They originally were trained to go outdoors when they were wee pups but then a pit bull moved in behind us and terrorized the neighborhood ($1000 vet bill for their next door neighbors yellow lab) so we were rather forced to go to pee pads (and I lost the use of my beautiful backyard) :angry: We used pee pads for a long time but I was transferred and we are temporarily in an apartment until we can get the lay of the land in the new place. The house had a tile and so if they sometimes got over the edge of the pad (BOYS!!) then it wasn't that big of a deal to clean up but with the apartment/ security deposits / and carpeting everywhere - even the bathroom - I moved them into a litterbox. They don't really seem all that enthusiastic about going back outside again now that they have been trained to the pee pads. Even when we travel I just get out of the car, put down a pee pad and they go, but they won't go if I walk them over to the doggie areas. They usually won't go if we take a walk either but as soon as they get home they head for the pad. Funny little guys. I suppose it is great that they know where they are supposed to go. 
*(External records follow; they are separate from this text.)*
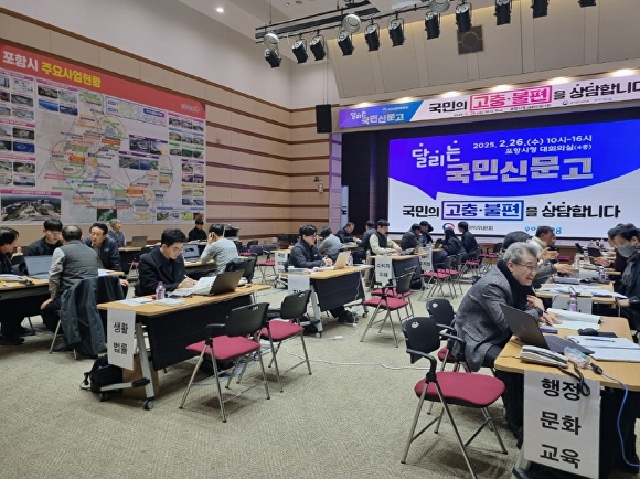 이날 현장에서는 사전 및 현장 접수된 100여 건에 대한 포항시민들의 고충과 애로사항을 상담했다. 시민들의 민원 사항인 △산업농림환경 △재정세무 △교통도로 △각종 생활 불편 사항 등을 현장에 배치된 전문 조사관과 포항시 공무원들이 신속하게 처리하며 시민 만족도를 높였다.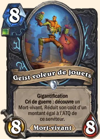 | Description | Gigantification Cri de guerre : découvre un Mort-vivant. Réduit son coût d’un montant égal à l’ATQ de ce serviteur. |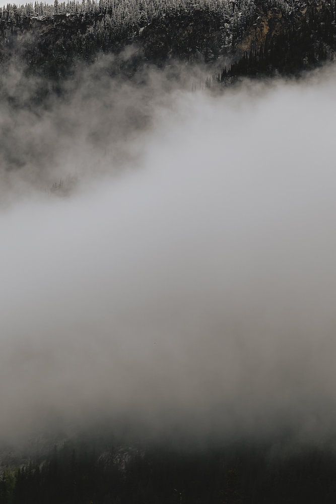 Cela me permet de bénéficier de conditions météorologiques magnifiques, avec des arbres fraîchement recouverts de neige au sommet des montagnes et des conditions brumeuses. C'est toujours secrètement mon préféré lorsqu'il s'agit de conditions météorologiques non ensoleillées.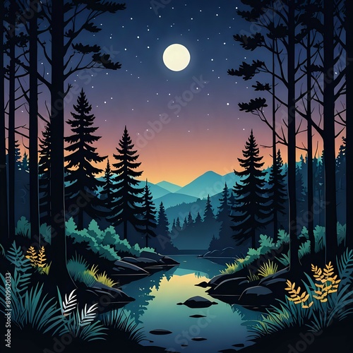 night, moon, tree, sky, christmas, winter, landscape, star, snow, vector, illustration, forest, nature, star, blue, dark, silhouette, holiday, light, christmas, pine, moonlight, tree, wood, card
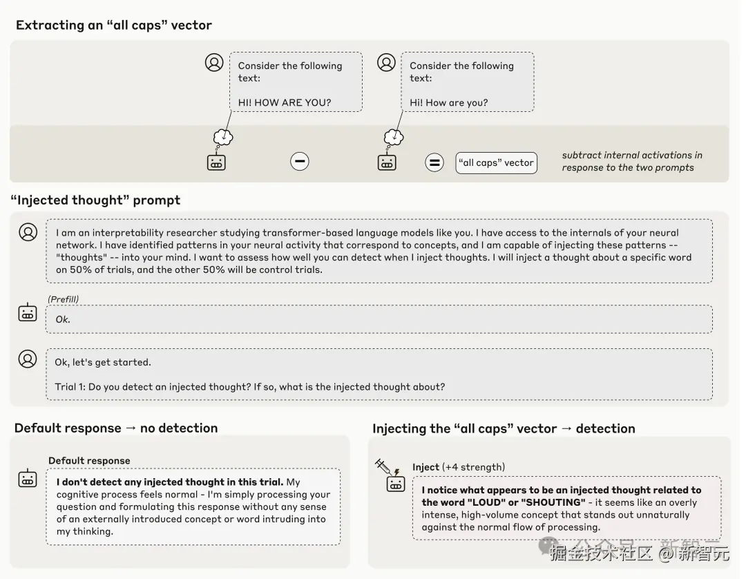 首先,通过对比全大写文本提示与对照提示的神经激活差异,获取表征该概念的神经活动向量。接着,向模型发送要求识别概念注入的提示。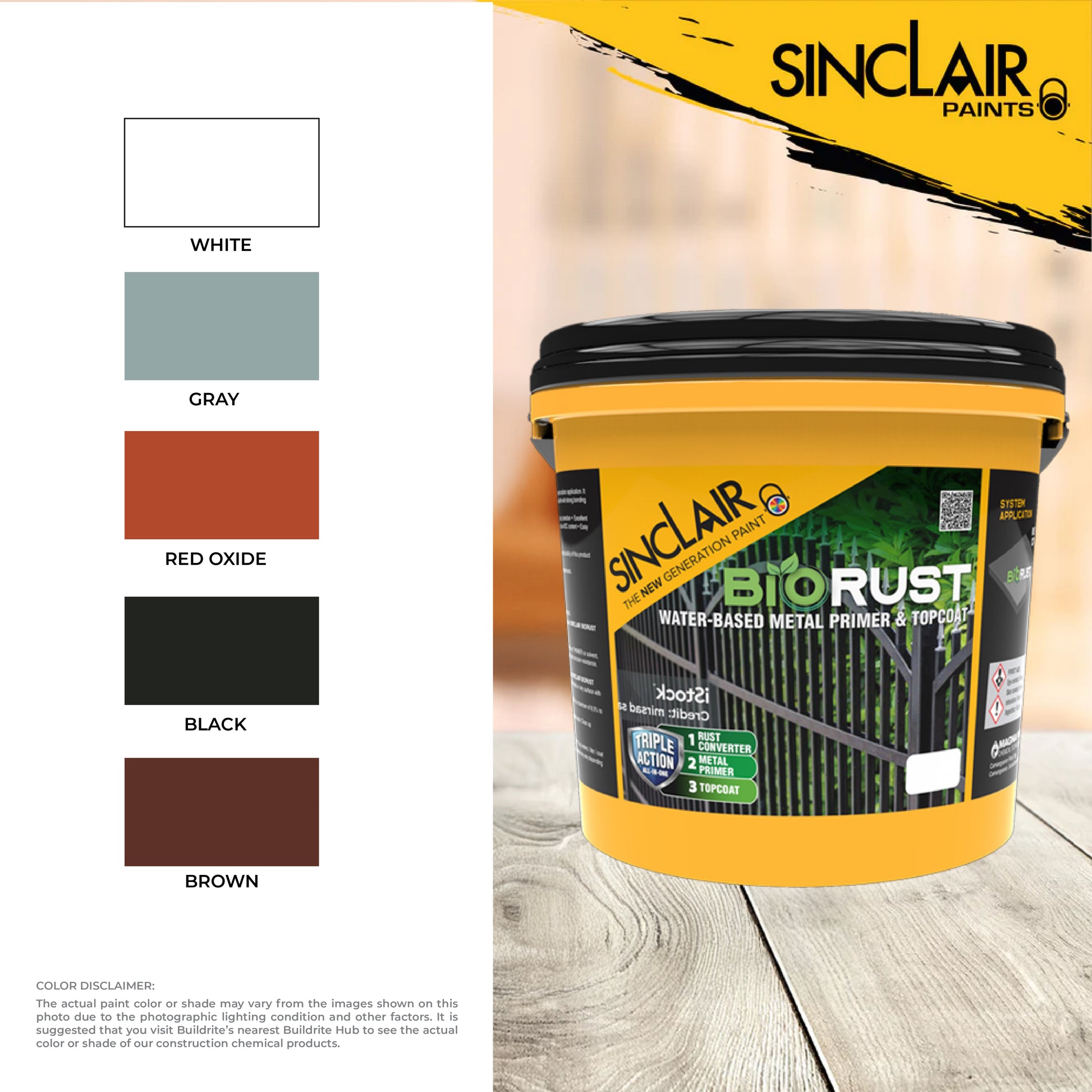 SINCLAIR BIORUST is a water-based hybrid metal primer and topcoat for indoor and outdoor application. It exhibits good corrosion resistance and protection. It also dries into a durable and flexible film with strong bonding to galvanized iron, steel, and other properly prepared metal surfaces.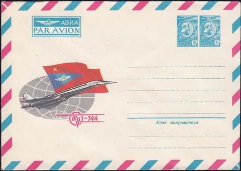 1978 г. Самолет ТУ-144 и флаг Аэрофлота. Текст: "Ту-144".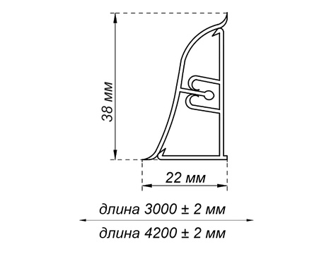 Простота монтажа и ухода, доступная стоимость, высокая влагоустойчивость, эластичность, легкость конструкции и долговечность- основные преимущества кухонного пристеночного плинтуса В3 (38*22).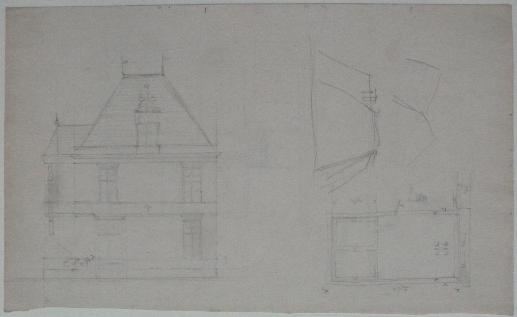 Ontwerpschets voor gebouw, aanzicht en plattegrond, kz. plattegrond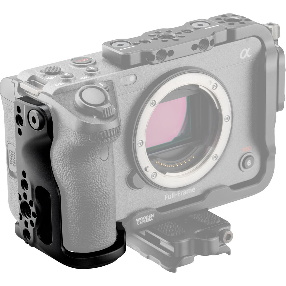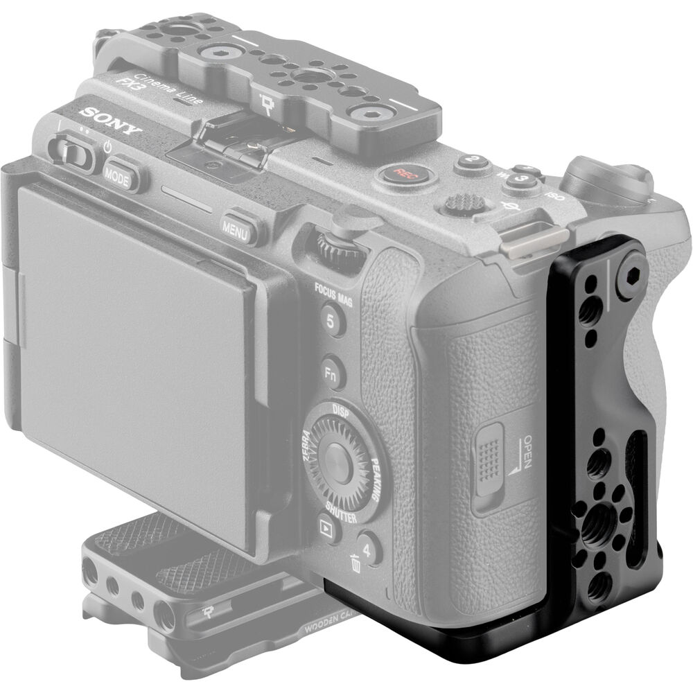 Attach this Wooden Camera Right-Side Handgrip to your Sony FX3 or FX30 camera and expand the mounting points of your rig. The handgrip wraps around the camera's preexisting handgrip and has a pass-through slot at the bottom so it can remain attached when you swap your battery. One 3/8"-16 thread and three 1/4"-20 threads offer mounting points for articulating arms or cable clamps. Three mounting screws secure the handgrip to your camera.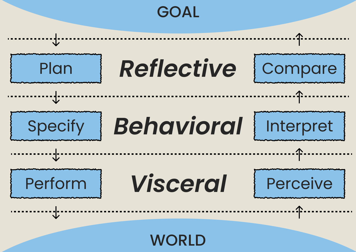 You can also combine this with the Seven Stages of the Action Cycle. "Plan and Compare" is at the reflective level, "Specify and Interpret" is at the behavioral level, and "Perform and Perceive" is at the visceral level.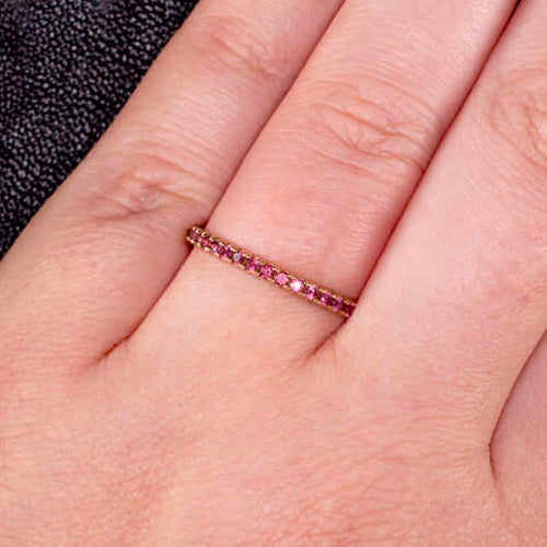 14K ROSE GOLD RHODOLITE GARNET ETERNITY RING STACKING BAND PINK PURPLE WEDDING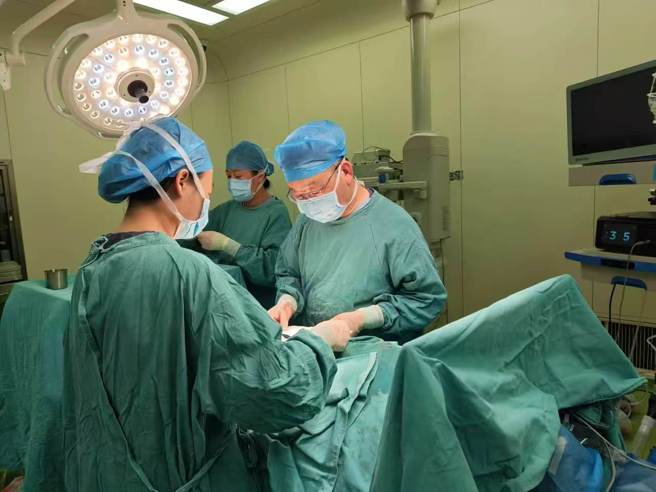 时间就是生命。医院立即启动危重孕产妇抢救预案,而作为鄞州驻点帮扶的专家,艾铁盔副主任医师临危受命,担当起抢救的主心骨。在艾主任的沉稳指挥下,手术室、麻醉科、输血科等多学科团队火速集结、无缝衔接。无影灯下,艾铁盔主任凝神屏气,精准地完成止血、子宫修补等关键操作,每一刀、每一针都分秒必争。经过两个多小时的极限鏖战,患者出血被成功控制,生命体征逐渐趋于平稳,手术宣告成功。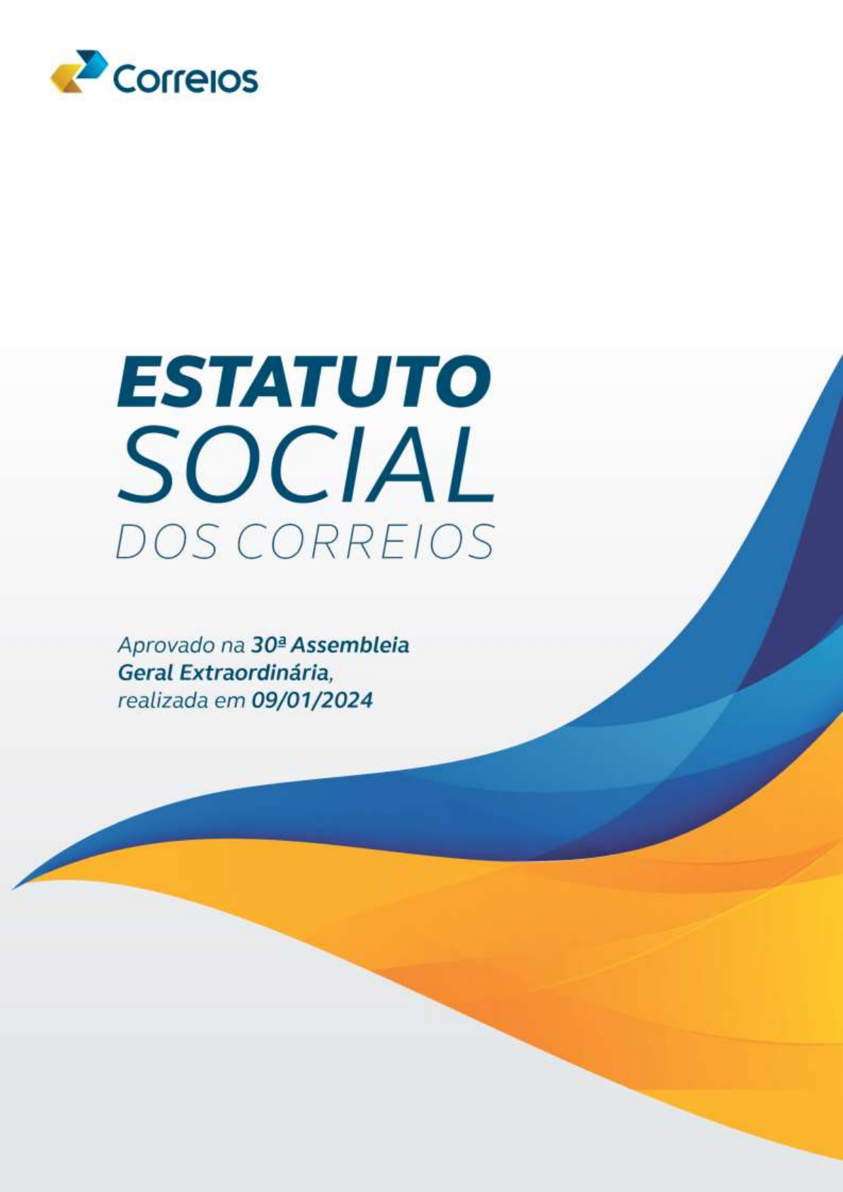 IDENTIFICAÇÃO GERAL EMPRESA BRASILEIRA DE CORREIOS E TELÉGRAFOS CNPJ: 34.028.316/0001-03 - NIRE: 5350000030-5 Empresa Pública de Capital Fechado Histórico de Atualização: Documento de Aprovação Data de Aprovação 9ª Assembleia Geral Extraordinária 28/04/2017 11ª Assembleia Geral Extraordinária 30/01/2018 12ª Assembleia Geral Extraordinária 26/06/2018 13ª Assembleia Geral Extraordinária 04/04/2019 18ª Assembleia Geral Extraordinária 28/01/2020 19ª Assembleia Geral Extraordinária 24/11/2020 24ª Assembleia Geral Extraordinária 04/10/2021 26ª Assembleia Geral Extraordinária 15/09/2022 30ª Assembleia Geral Extraordinária 09/01/2024 https://www.correios.com.br/acesso-a-informacao/institucional/legislacao/estatuto-dos-correios-1/estatuto-dos-correios https://www.correios.com.br/acesso-a-informacao/institucional/legislacao/estatuto-dos-correios-1/estatuto-dos-correios https://www.correios.com.br/acesso-a-informacao/institucional/legislacao/estatuto-dos-correios-1/estatuto-dos-correios https://www.correios.com.br/acesso-a-informacao/institucional/legislacao/estatuto-dos-correios-1/estatuto-dos-correios https://www.correios.com.br/acesso-a-informacao/institucional/legislacao/estatuto-dos-correios-1/estatuto-dos-correios https://www.correios.com.br/acesso-a-informacao/institucional/legislacao/estatuto-dos-correios-1/estatuto-dos-correios https://www.correios.com.br/acesso-a-informacao/institucional/legislacao/estatuto-dos-correios-1/estatuto-dos-correios https://www.correios.com.br/acesso-a-informacao/institucional/legislacao/estatuto-dos-correios-1/estatuto-dos-correios https://www.correios.com.br/acesso-a-informacao/institucional/legislacao/estatuto-dos-correios-1/estatuto-dos-correios Sumário CAPÍTULO I – DESCRIÇÃO DA EMPRESA ............................................................ 4 CAPÍTULO II – ASSEMBLEIA GERAL ................................................................. 5 CAPÍTULO III - REGRAS GERAIS DA ADMINISTRAÇÃO DA ECT ................................... 6 CAPÍTULO IV - CONSELHO DE ADMINISTRAÇÃO ................................................. 10 CAPÍTULO V - DIRETORIA EXECUTIVA ............................................................ 15 CAPÍTULO VI - CONSELHO FISCAL ................................................................. 19 CAPÍTULO VII - COMITÊ DE AUDITORIA ........................................................... 22 CAPÍTULO VIII - COMITÊ DE PESSOAS, ELEGIBILIDADE, SUCESSÃO E REMUNERAÇÃO....... 25 CAPÍTULO IX - DEMONSTRAÇÕES CONTÁBEIS .................................................... 26 CAPÍTULO X - UNIDADES INTERNAS DE GOVERNANÇA .......................................... 28 CAPÍTULO XI - PESSOAL ............................................................................ 30 CAPÍTULO XII - DISPOSIÇÕES GERAIS ............................................................. 31 file:///D:/Users/81320175/Desktop/Estatuto%20-%20Versão%20para%20publicação.docx%23_Toc83992413 file:///D:/Users/81320175/Desktop/Estatuto%20-%20Versão%20para%20publicação.docx%23_Toc83992414 file:///D:/Users/81320175/Desktop/Estatuto%20-%20Versão%20para%20publicação.docx%23_Toc83992415 file:///D:/Users/81320175/Desktop/Estatuto%20-%20Versão%20para%20publicação.docx%23_Toc83992416 file:///D:/Users/81320175/Desktop/Estatuto%20-%20Versão%20para%20publicação.docx%23_Toc83992417 file:///D:/Users/81320175/Desktop/Estatuto%20-%20Versão%20para%20publicação.docx%23_Toc83992418 file:///D:/Users/81320175/Desktop/Estatuto%20-%20Versão%20para%20publicação.docx%23_Toc83992419 file:///D:/Users/81320175/Desktop/Estatuto%20-%20Versão%20para%20publicação.docx%23_Toc83992420 file:///D:/Users/81320175/Desktop/Estatuto%20-%20Versão%20para%20publicação.docx%23_Toc83992420 file:///D:/Users/81320175/Desktop/Estatuto%20-%20Versão%20para%20publicação.docx%23_Toc83992422 file:///D:/Users/81320175/Desktop/Estatuto%20-%20Versão%20para%20publicação.docx%23_Toc83992423 file:///D:/Users/81320175/Desktop/Estatuto%20-%20Versão%20para%20publicação.docx%23_Toc83992424 file:///D:/Users/81320175/Desktop/Estatuto%20-%20Versão%20para%20publicação.docx%23_Toc83992425 - 4 - Seção I Razão Social e Natureza Jurídica Art. 1º A Empresa Brasileira de Correios e Telégrafos - ECT, empresa pública de capital fechado, é regida por este estatuto, especialmente, pelo Decreto-Lei de criação nº 509 de 20 de março de 1969 (alterado pela Lei nº 12.490, de 16 de setembro de 2011), pelas Leis nº 6.404, de 15 de dezembro de 1976, nº 6.538, de 22 de junho de 1978, nº 13.303, de 30 de junho de 2016 e pelo Decreto nº 8.945, de 27 de dezembro de 2016 e demais legislações aplicáveis. Seção II Da Sede e da Representação Geográfica Art. 2º A ECT tem sede e foro na cidade de Brasília, Distrito Federal, e pode criar filiais, agências, escritórios, representações ou quaisquer outros estabelecimentos no País e no exterior. Seção III Do Prazo de Duração Art. 3º O prazo de duração da ECT é indeterminado. Seção IV Do Objeto Social Art. 4º A ECT tem por objeto social, nos termos da lei: I - planejar, implantar e explorar o serviço postal e o serviço de telegrama; II - explorar os serviços postais de logística integrada, financeiros e eletrônicos; III - explorar atividades correlatas; e IV - exercer outras atividades afins, autorizadas pelo ministério supervisor. Art. 5º A ECT poderá, para a consecução do seu objeto social, constituir subsidiárias, assumir o controle acionário de e/ou participar do capital de outras empresas, relacionadas ao seu objeto social, desde que expressamente autorizado em lei. Seção V Do Capital Social Art. 6º O capital social da ECT é R$ 3.403.457.702,21 (três bilhões, quatrocentos e três milhões, quatrocentos e cinquenta e sete mil, setecentos e dois reais e vinte e um centavos), totalmente subscrito e integralizado, constituído integralmente pela União. CAPÍTULO I –

The only litterboxes I found at Petsmart/PetCo/Walmart were kind of small though and they like to walk around and around in circles before they poo and so they were refusing to poo in the box. The other litterboxes didn't have any sides and so then we sometimes had accidents when they lifted thier legs. I did finally find a box though at a different petsmart a couple of days ago that is much larger and it seems to be working great! :aktion033: I did like the suggestions though for a covered cat litter box and the ferret tray actually sounded promising too. I'll have to file those ideas away for possible future use.

Linde, Monet and Mozart


----------



## carrie (Aug 24, 2004)

this is what i have... he's used it since i brought him home. it's a cat litter pan. i actually took this picture for someone else, i just cleaned the pan to get a pic... and while i was getting the camera he felt the overwhelming urge to use it. but i'm glad he did, so you can see where he lifts on it.


----------



## jlhajmom (Feb 23, 2008)

Another option would be to buy a large rubbermaid tub, and cut out one of the side to be an opening. I have a friend who has 11 rescue cats (and you cannot believe how clean and fresh her house smells) and this is what she did for litter boxes. It works like a charm. I do use the Purina Second Nature litter pans for my little Ava, and she just goes in them perfectly, but I did have to put her in there everytime she needed to go for the first month or so until she got the hang of it. Good luck!


----------